At VMware, a company that about a decade ago enjoyed selling the “easiest value proposition in IT history,” staying relevant today, in a world where most enterprise applications are already running on virtual machines, and where companies have a constantly expanding universe of infrastructure options for their software, never stops being a work in progress.
John Gilmartin, a VMware VP and general manager of is Integrated Systems business unit, says that if Intel is correct when it says that “the paranoid survive,” than there’s nothing that doesn’t make VMware paranoid. “Are you being relevant? Are you investing in things that are important?” Answers to those questions are moving targets nowadays.
After more than a tryst with becoming a cloud service provider – the vCloud Air days – the Palo Alto-based outfit whose impact on the data center industry is yet to be matched as far a software makers go, is now squarely back to doing what it’s always been good at: making data center software.
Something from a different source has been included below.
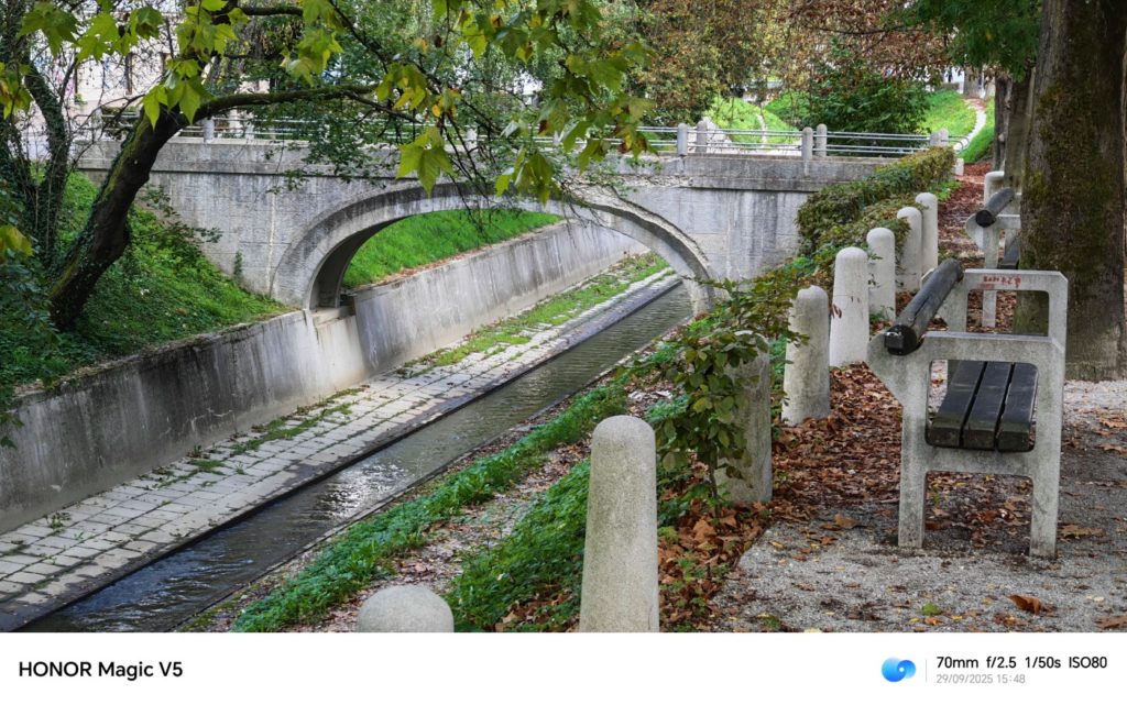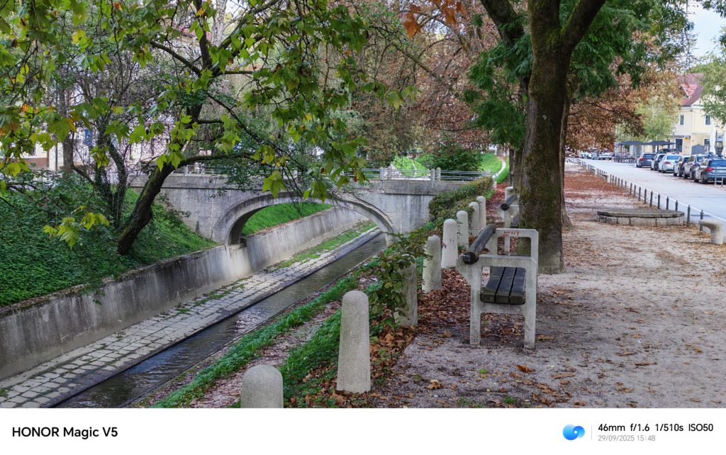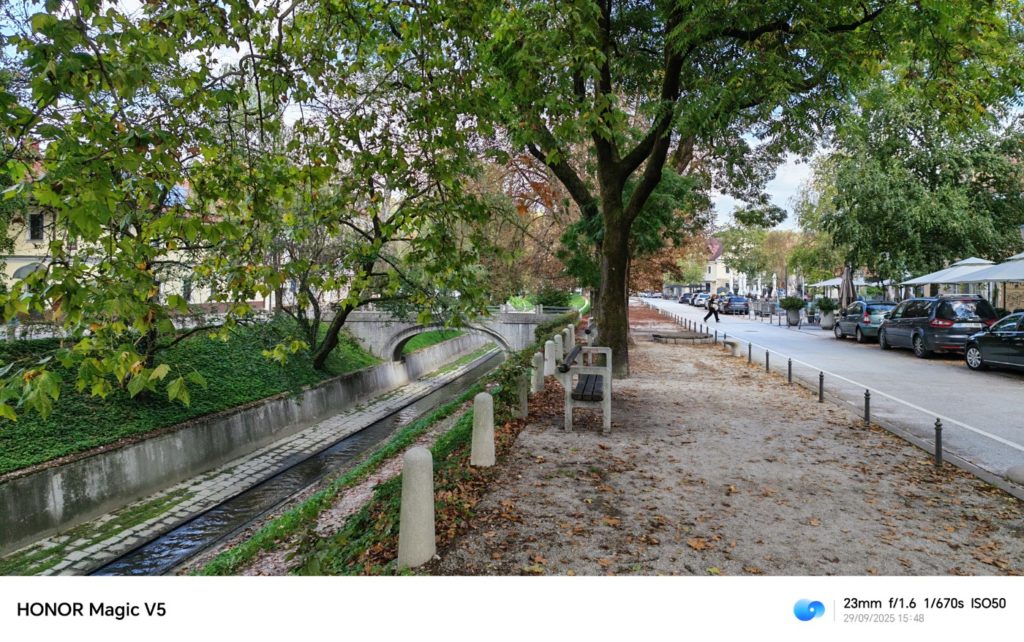Honor Magic V5 se lahko pohvali z enim najnaprednejših fotografskih sistemov med prepogljivimi telefoni, saj združuje trojno zadnjo kamero s 50 MP glavno, 50 MP ultraširoko in 64 MP telefoto lečo s 3× optičnim zoomom. Glavni senzor Sony IMX906 z optično stabilizacijo slike (OIS) in laserskim samodejnim ostrenjem deluje odlično v vseh svetlobnih pogojih. Fotografije so ostre, barvno uravnotežene in ohranjajo naraven kontrast brez pretiranega digitalnega obdelovanja.
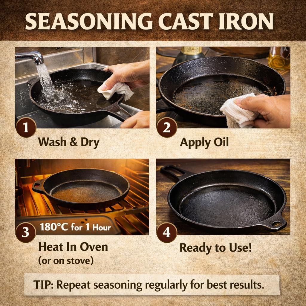 Pre-Seasoned & Ready to Use Comes pre-seasoned with natural oils, allowing immediate use while developing a natural non-stick layer over time.

Let those who excel at building and managing data centers build and manage data centers, goes the thinking. Those would be the likes of Amazon Web Services, now VMware’s biggest ally in the cloud space. VMware is going to focus on making the life of its core audience — the enterprise IT shops — easier as they traverse a world where one cloud simply won’t cut it.
Gilmartin expanded on this in an interview for The Data Center Podcast recently. We talked about VMware’s current cloud strategy, reflected on the company’s impact on the data center industry (the whole one server instead of 10 thing turned out to be a big deal), and what it’s like to be part of its new parent, Dell Technologies.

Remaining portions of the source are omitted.